Staff at the Election Assistance Commission did not immediately respond Friday to a request for comment on the agency’s operations moving forward.
While the White House statement did not offer a specific reason for Trump’s action, the commission has previously declined to change the national voter registration form to require documentation of an applicant’s U.S. citizenship, as Trump’s urged in a sweeping March 2025 executive order on U.S. elections. Though the form itself does not require citizenship documents, voter registration materials from the agency do state clearly that it already is illegal to falsely claim U.S. citizenship to vote.
A federal judge blocked the order, ruling it exceeded the president’s authority since the U.S. Constitution grants authority over elections management and oversight to Congress and the states. The administration has indicated it will appeal.
Trump hasn’t said whether he’ll pick new members
It was not clear whether Trump planned to nominate new members immediately or leave the positions vacant — a move that, months ahead of midterm elections, could prevent the agency from distributing new grants to state or local elections offices and perhaps complicate its role in overseeing testing and certification of voting systems around the country.

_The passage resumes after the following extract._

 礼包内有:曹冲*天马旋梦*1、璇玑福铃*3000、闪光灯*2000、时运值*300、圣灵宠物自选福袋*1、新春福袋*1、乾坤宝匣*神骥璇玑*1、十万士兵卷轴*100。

“The Administration from the start has been working across all agencies and local partners to safeguard elections from fraud and abuse, and investing in a strong infrastructure to sustain that mission especially in the midterm elections,” the White House said.
Congress created the commission as part of the Help America Vote Act, a bipartisan law signed by Republican President George W. Bush in 2002. The act requires the commission to include two Democrats and two Republicans, nominated by the president and confirmed by the Senate. Hicks and McCormick were appointed by President Barack Obama. Trump appointed Hovland during his first presidency.

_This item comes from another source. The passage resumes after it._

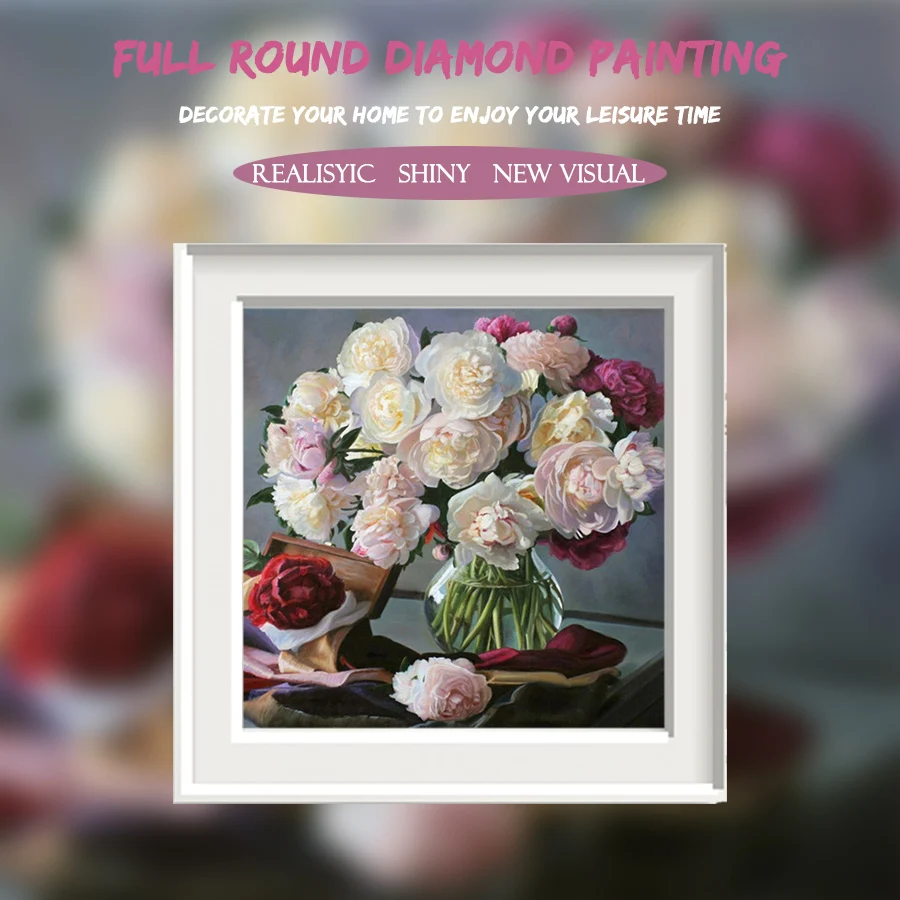 Алмазная живопись "сделай сам", алмазные мозаичные цветы алмазная Вышивка крестиком, домашний декор, круглые тарелки для вазы из смолы

According to VoteBeat, Hicks and Hovland were notified of their removal by an email signed by Morgan DeWitt Snow, the deputy director of presidential personnel in the Executive Office of the President.
More court fights are always possible
Hicks and Hovland could challenge their dismissals, but that ultimately could require the Supreme Court to revisit two decisions it just issued on the president’s power over independent agencies.
The court ruled 6-3 last month in the case of former Federal Trade Commission member Rebecca Slaughter that Trump had wide executive authority to fire political appointees of independent executive agencies. Trump had fired Slaughter without cause despite a provision of federal law that required a reason and a nearly century-old Supreme Court precedent insulating independent agency heads from presidential whims.
The court’s six conservatives said that the previous restrictions on presidential prerogatives violated the Constitution’s separation of powers. The logic extends to other agencies, including the National Labor Relations Board, the Merit Systems Protection Board and the Consumer Product Safety Commission, where Trump also has fired board members.
In the separate case of Federal Reserve Board member Lisa Cook, whom Trump had tried to fire, a 5-4 majority deviated from the Slaughter decision and ruled that the president could not fire central bank governors without cause. Chief Justice John Roberts and Justice Brett Kavanaugh sided with the court’s three liberals in the Cook case. They justified their exception to their Slaughter reasoning by citing the central bank’s unique structure as congressionally chartered but independent, quasi-private institution whose “appearance of independence is key to the Federal Reserve’s design” and its role in setting monetary policy that shapes the U.S. and world economy.